15. An ultra-resolution display comprising a plurality of display
devices, a common display screen, and an image processor, wherein:
the common display screen is displaced from the display devices by
a screen displacement d such that native frustums of respective
ones of the display devices are expanded to define modified
frustums that overlap on the common display screen; the image
processor is programmed to execute an image blending algorithm that
is configured to generate a blended image on the common display
screen by altering input signals directed to one or more of the
display devices; the image blending algorithm modifies input signal
portions corresponding to overlapping pixels in the modified
frustums of adjacent display devices by modifying pixel intensity
values of adjacent display devices; and the output resolution of
the ultra-resolution display at the common display screen surpasses
the resolution of respective input signals directed to the
plurality of display devices.
Description
CROSS-REFERENCE TO RELATED APPLICATIONS
[0001] This application claims the benefit of U.S. Provisional
Application Ser. No. 60/896,959 (MES 0010 MA), filed Mar. 26, 2007
and is a continuation-in-part of copending and commonly assigned
U.S. patent application Ser. No. 11/735258 (MES 0002 PA), filed
Apr. 13, 2007, which application claims the benefit of U.S.
Provisional Application Ser.
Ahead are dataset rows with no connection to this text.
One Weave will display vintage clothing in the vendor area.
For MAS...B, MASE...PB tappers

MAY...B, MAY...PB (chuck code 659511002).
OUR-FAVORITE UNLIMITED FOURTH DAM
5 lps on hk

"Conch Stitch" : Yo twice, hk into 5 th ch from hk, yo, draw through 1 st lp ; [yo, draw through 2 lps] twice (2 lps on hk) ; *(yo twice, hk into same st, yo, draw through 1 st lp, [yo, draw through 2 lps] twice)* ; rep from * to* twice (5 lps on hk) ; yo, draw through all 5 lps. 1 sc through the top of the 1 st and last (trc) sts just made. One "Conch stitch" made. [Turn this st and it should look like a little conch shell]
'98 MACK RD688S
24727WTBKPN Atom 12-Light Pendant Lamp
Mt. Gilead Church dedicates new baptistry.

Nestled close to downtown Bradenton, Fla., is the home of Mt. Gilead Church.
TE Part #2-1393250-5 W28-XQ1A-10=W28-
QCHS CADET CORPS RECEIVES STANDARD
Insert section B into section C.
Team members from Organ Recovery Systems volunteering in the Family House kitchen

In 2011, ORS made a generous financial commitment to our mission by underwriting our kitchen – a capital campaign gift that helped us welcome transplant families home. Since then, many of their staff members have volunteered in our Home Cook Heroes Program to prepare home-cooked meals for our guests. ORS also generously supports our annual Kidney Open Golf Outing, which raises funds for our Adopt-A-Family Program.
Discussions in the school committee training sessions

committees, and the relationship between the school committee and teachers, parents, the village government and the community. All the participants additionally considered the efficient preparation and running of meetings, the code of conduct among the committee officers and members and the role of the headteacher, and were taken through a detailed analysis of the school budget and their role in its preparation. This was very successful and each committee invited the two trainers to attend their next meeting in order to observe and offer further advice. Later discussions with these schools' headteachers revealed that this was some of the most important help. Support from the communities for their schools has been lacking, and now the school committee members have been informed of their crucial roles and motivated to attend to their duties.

No. 60/744,799 (MES 0002 MA), filed
Apr. 13, 2006.
[0002] This application is also related to commonly assigned,
copending, and published U.S. patent applications US
2007-0188719-A1 (MES 0001 PA), US 2007-0268306-A1 (MES 0003 PA), US
2007-0273795-A1 (MES 0005 PA), and US 2007-0195285-A1 (MES 0009
PA), the disclosures of which are incorporated herein by
reference.
BRIEF SUMMARY OF THE INVENTION
[0003] The present invention relates to ultra-resolution displays
and methods for their operation. According to one embodiment of the
present invention, an ultra-resolution display is provided where a
common display screen is displaced from an array of display devices
such that native frustums of respective ones of the display devices
are expanded to define modified frustums that overlap on the common
display screen. An image processor is programmed to execute an
image blending algorithm that is configured to generate a blended
image on the common display screen by altering input signals
directed to one or more of the display devices. In this manner, the
system can be operated to render an output image that is composed
of pixels collectively rendered from the plural display devices. As
a result, the resolution of the rendered video can exceed the video
resolution that would be available from a single display.
[0004] Additional embodiments of the present invention are
contemplated including, but not limited to, methods of generating
ultra-resolution images.
BRIEF DESCRIPTION OF THE SEVERAL VIEWS OF THE DRAWINGS
[0005] The following detailed description of specific embodiments
of the present invention can be best understood when read in
conjunction with the following drawings, where like structure is
indicated with like reference numerals and in which:
[0006] FIG. 1 is a schematic illustration of an ultra-resolution
display according to one embodiment of the present invention;
[0007] FIG. 2 is a schematic illustration of the manner in which a
multi-display image rendering system can be used to process image
data for an ultra-resolution display according to one embodiment of
the present invention; and
[0008] FIG. 3 is a flow chart illustrating a method of operating a
multi-display image rendering system.
DETAILED DESCRIPTION
[0009] An ultra-resolution display 10 configured according to one
specific embodiment of the present invention is presented in FIG.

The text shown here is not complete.